The offspring of a brooding sea anemone transition from using egg yolks to pre-natal, then post-natal, parental feeding during their development, according to a study published April 22, 2016 in the open-access journal PLOS ONE by Annie Mercier from Memorial University, Canada, and colleagues.
Brooding sea anemones incubate eggs within their central body cavity, later releasing fully formed juveniles, but little is known about the feeding mechanisms used during these stages. The authors of the present study characterized the brooding process of Aulactinia stella, a live-bearing sea anemone found in Atlantic Canada, and compared the fatty acid make-up of adults and juveniles to detect shifts in nutritional resources during development.

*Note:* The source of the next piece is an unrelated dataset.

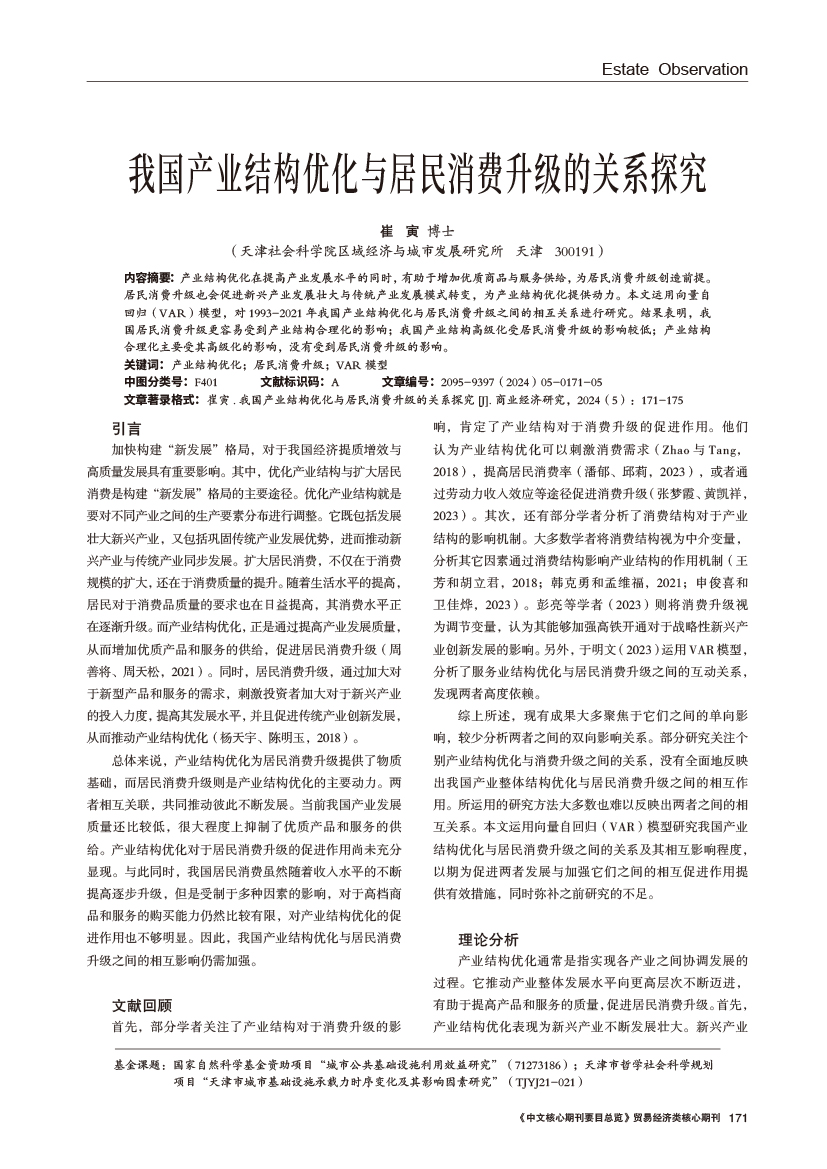 | 我国产业结构优化与居民消费升级的关系探究 |
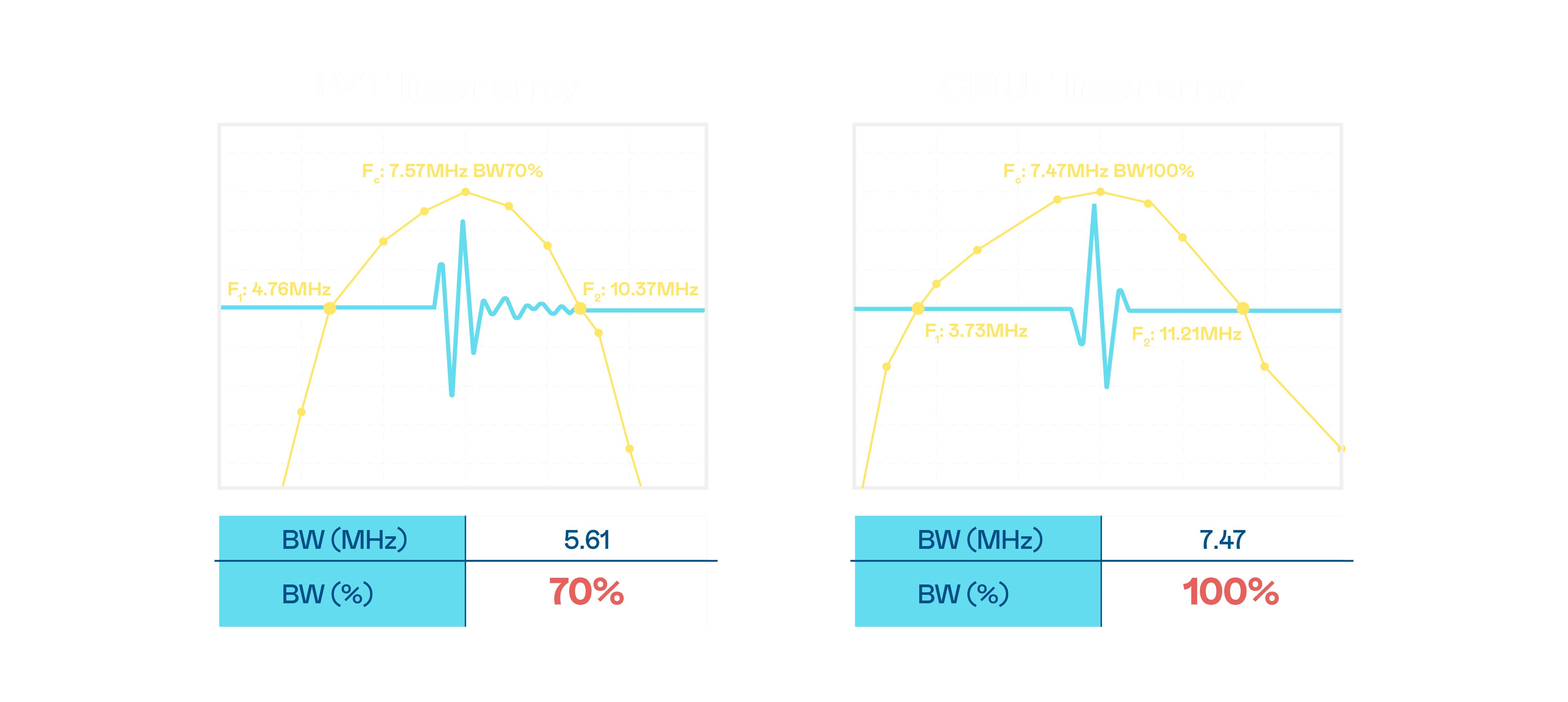 超音波影像的解析度高低,,,首先取决于探头能发出的讯号频宽。。。。人生就是博 CMUT 可提供高清晰的超音波讯号,,,提供高频宽、、、、高灵敏度、、、、影像纹理细节更高的超音波影像,,协助医护人员缩短影像判读时间及利用精准的医疗影像进行诊断。。

They found that parent anemones raised multiple small clutches in their body cavities for a prolonged period, during which the developing clutches underwent remarkable dietary shifts. Initially, all nutrition obtained by the offspring came from yolk contained in the eggs, but juveniles later transitioned to passive nourishment from the parent instead (pre-natal feeding). Once hatched or released juveniles developed functional feeding organs, they began to nurse (post-natal feeding) and ultimately switched to external food sources, no longer dependent on the adult for nutrition.
In addition, the authors found that the size variation within the clutch may be indications of parent-offspring conflicts or sibling rivalry.
The authors hope that these findings will be useful in exploring the evolution of young-feeding mechanisms, both in cnidarians and in other animals.